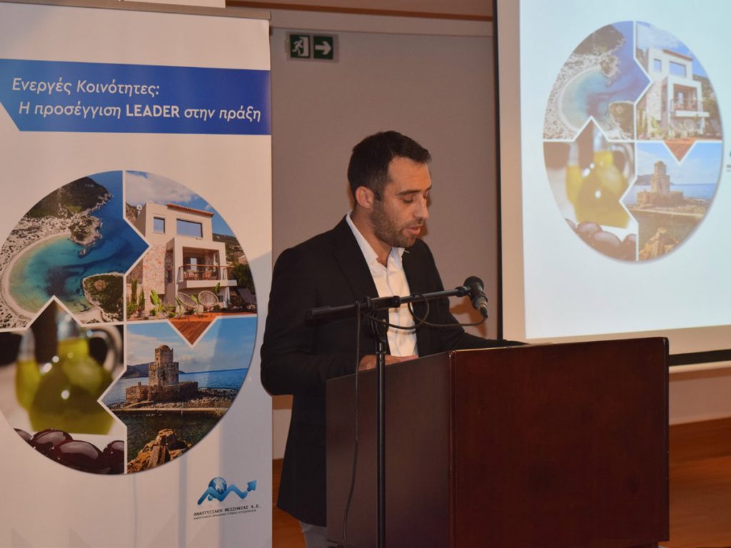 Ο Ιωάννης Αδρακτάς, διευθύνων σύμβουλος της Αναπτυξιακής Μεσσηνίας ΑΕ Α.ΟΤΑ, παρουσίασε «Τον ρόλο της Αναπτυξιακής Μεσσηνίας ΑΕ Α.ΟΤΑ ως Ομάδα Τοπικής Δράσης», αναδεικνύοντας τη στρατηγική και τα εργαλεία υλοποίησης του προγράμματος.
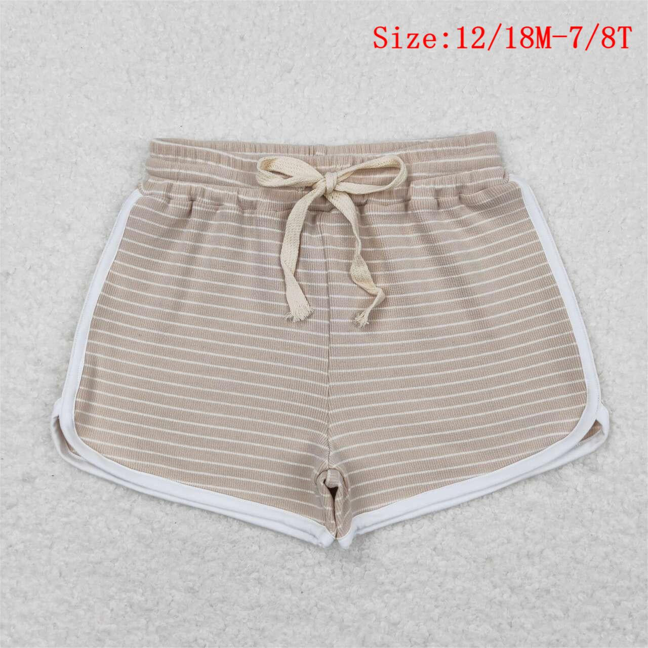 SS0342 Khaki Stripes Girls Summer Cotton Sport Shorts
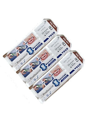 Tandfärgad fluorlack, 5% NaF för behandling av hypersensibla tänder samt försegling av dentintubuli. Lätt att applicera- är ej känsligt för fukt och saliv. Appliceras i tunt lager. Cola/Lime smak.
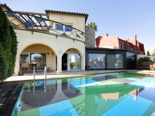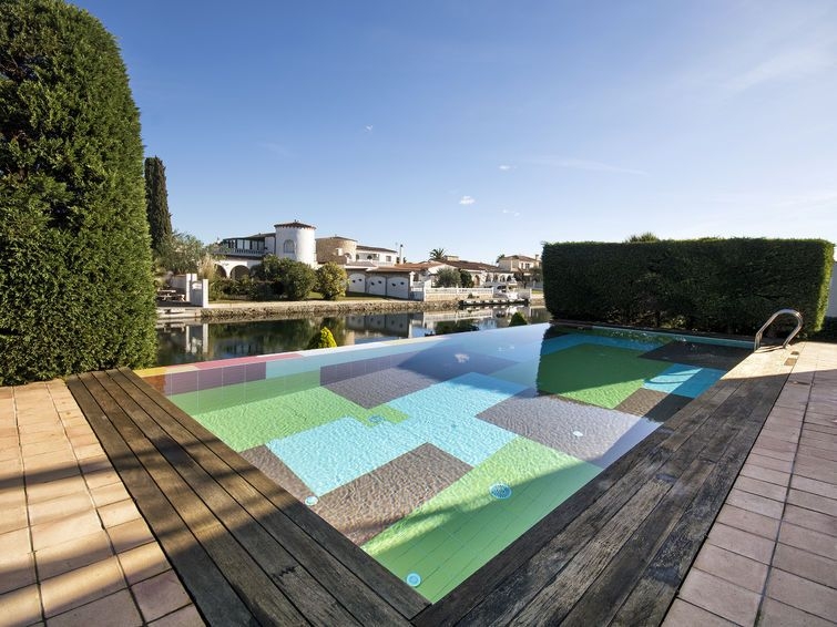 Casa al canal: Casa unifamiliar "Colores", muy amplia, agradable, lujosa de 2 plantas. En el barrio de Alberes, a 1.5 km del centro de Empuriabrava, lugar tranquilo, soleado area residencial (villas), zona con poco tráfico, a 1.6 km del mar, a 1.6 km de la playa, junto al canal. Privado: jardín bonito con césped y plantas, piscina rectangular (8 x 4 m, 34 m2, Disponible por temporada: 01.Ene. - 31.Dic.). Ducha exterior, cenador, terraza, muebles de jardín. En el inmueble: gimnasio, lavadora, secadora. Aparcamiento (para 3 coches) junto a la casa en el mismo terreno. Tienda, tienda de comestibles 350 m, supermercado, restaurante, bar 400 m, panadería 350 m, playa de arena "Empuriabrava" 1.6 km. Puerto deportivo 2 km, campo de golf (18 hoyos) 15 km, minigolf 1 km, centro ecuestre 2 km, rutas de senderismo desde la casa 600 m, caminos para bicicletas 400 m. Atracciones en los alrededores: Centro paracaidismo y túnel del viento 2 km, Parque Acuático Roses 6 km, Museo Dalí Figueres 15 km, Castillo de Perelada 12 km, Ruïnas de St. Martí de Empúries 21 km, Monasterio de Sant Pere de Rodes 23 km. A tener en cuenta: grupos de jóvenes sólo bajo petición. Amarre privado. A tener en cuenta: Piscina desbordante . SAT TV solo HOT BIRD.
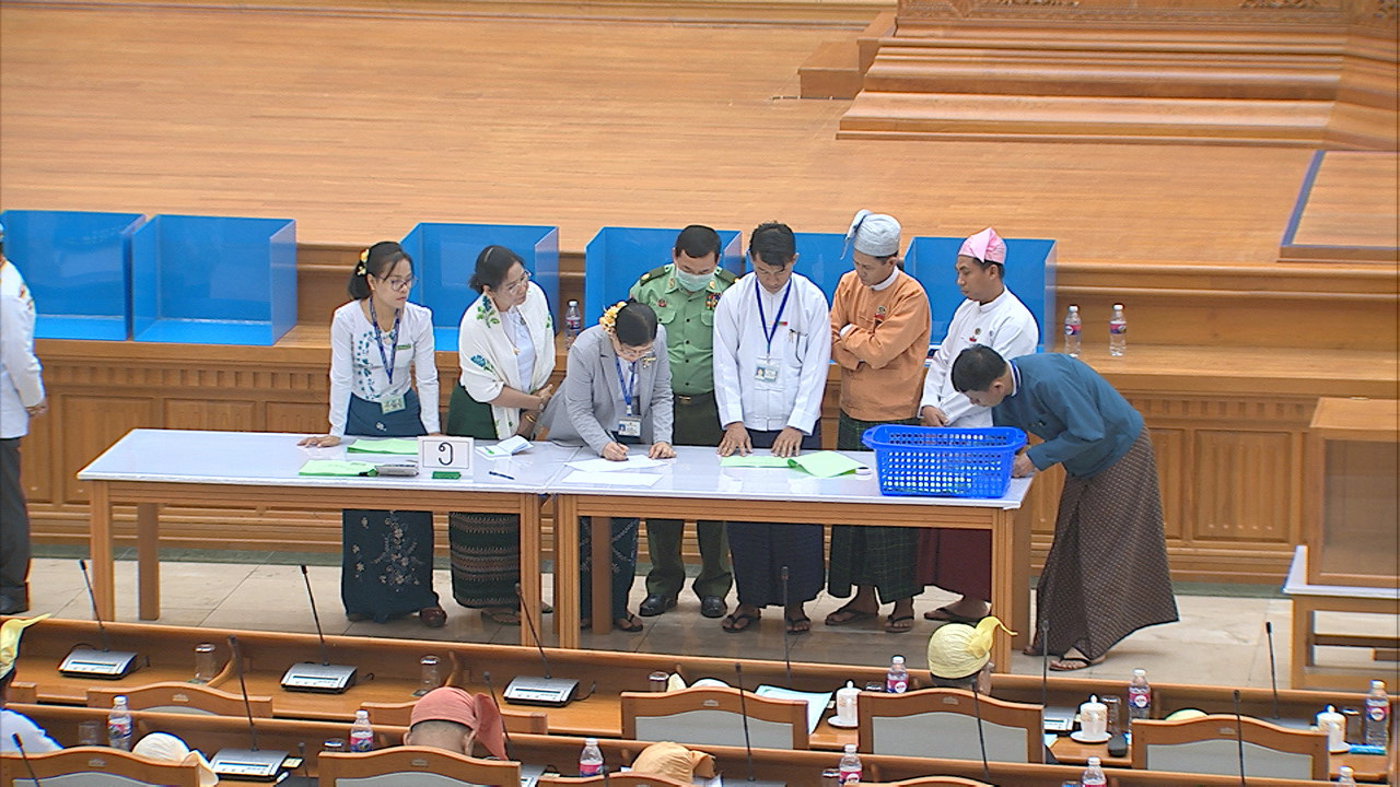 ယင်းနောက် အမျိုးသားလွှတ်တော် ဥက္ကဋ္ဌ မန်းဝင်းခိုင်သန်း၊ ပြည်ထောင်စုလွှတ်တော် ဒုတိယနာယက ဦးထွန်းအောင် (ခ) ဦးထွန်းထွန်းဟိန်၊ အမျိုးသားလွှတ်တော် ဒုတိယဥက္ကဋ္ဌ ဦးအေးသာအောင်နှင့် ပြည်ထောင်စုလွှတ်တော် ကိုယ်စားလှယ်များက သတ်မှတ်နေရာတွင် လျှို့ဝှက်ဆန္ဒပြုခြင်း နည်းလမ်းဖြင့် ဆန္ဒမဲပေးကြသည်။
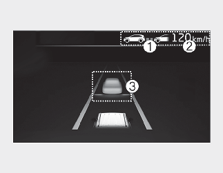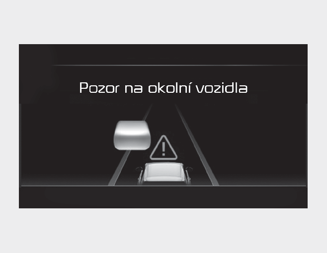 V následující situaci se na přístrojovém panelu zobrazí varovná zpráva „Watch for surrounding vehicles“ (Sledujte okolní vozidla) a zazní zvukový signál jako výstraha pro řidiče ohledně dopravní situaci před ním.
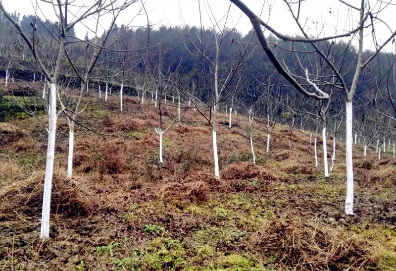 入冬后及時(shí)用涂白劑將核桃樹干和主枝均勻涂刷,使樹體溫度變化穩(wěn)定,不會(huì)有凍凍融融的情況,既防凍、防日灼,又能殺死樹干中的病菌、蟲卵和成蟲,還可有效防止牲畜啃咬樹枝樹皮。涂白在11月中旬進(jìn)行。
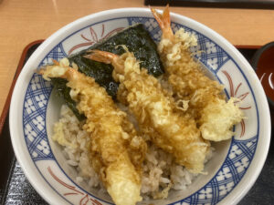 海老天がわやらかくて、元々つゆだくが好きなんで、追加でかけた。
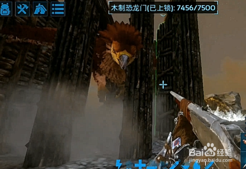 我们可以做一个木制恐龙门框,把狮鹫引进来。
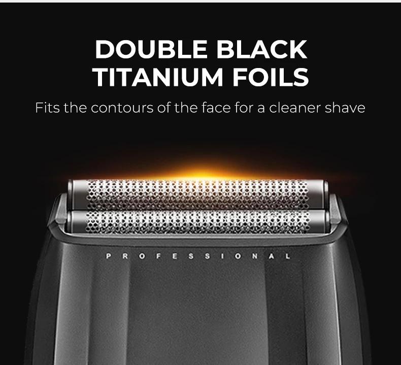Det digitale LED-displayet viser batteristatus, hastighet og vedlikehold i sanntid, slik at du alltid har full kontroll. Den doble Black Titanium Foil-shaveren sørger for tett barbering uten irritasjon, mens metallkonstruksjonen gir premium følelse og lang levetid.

--

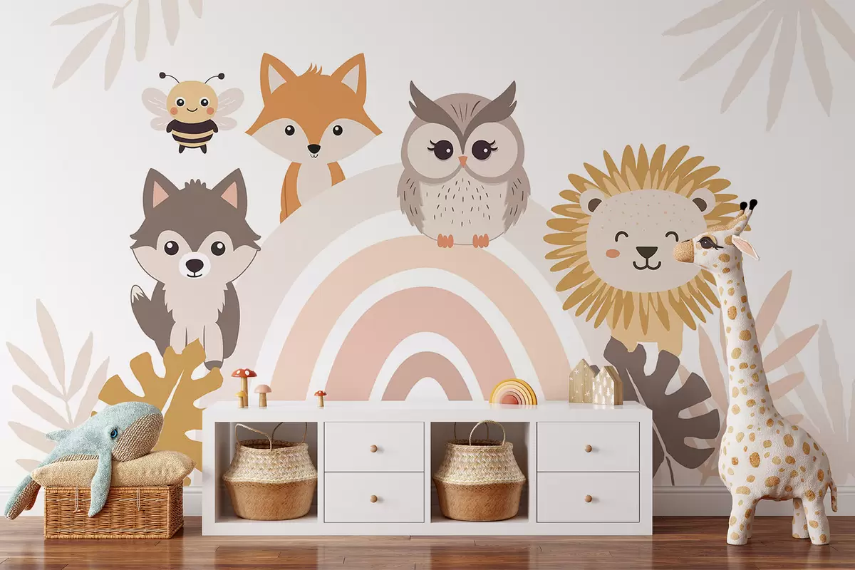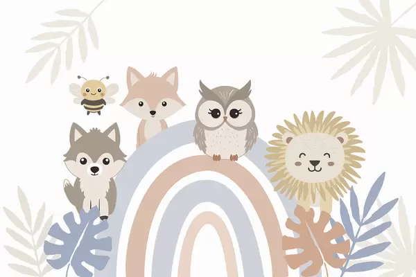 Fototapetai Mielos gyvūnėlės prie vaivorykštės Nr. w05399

• _WHAT IS EXPECTED_
In the entries above, which lines run from the one with "Ο Ιωάννης Αδρακτάς, διευθύνων" up to and including the one with "SS0342 Khaki Stripes"? Write them out exactly, without the pictures.

• _RESPONSE BOX_
 Ο Ιωάννης Αδρακτάς, διευθύνων σύμβουλος της Αναπτυξιακής Μεσσηνίας ΑΕ Α.ΟΤΑ, παρουσίασε «Τον ρόλο της Αναπτυξιακής Μεσσηνίας ΑΕ Α.ΟΤΑ ως Ομάδα Τοπικής Δράσης», αναδεικνύοντας τη στρατηγική και τα εργαλεία υλοποίησης του προγράμματος.
 SS0342 Khaki Stripes Girls Summer Cotton Sport Shorts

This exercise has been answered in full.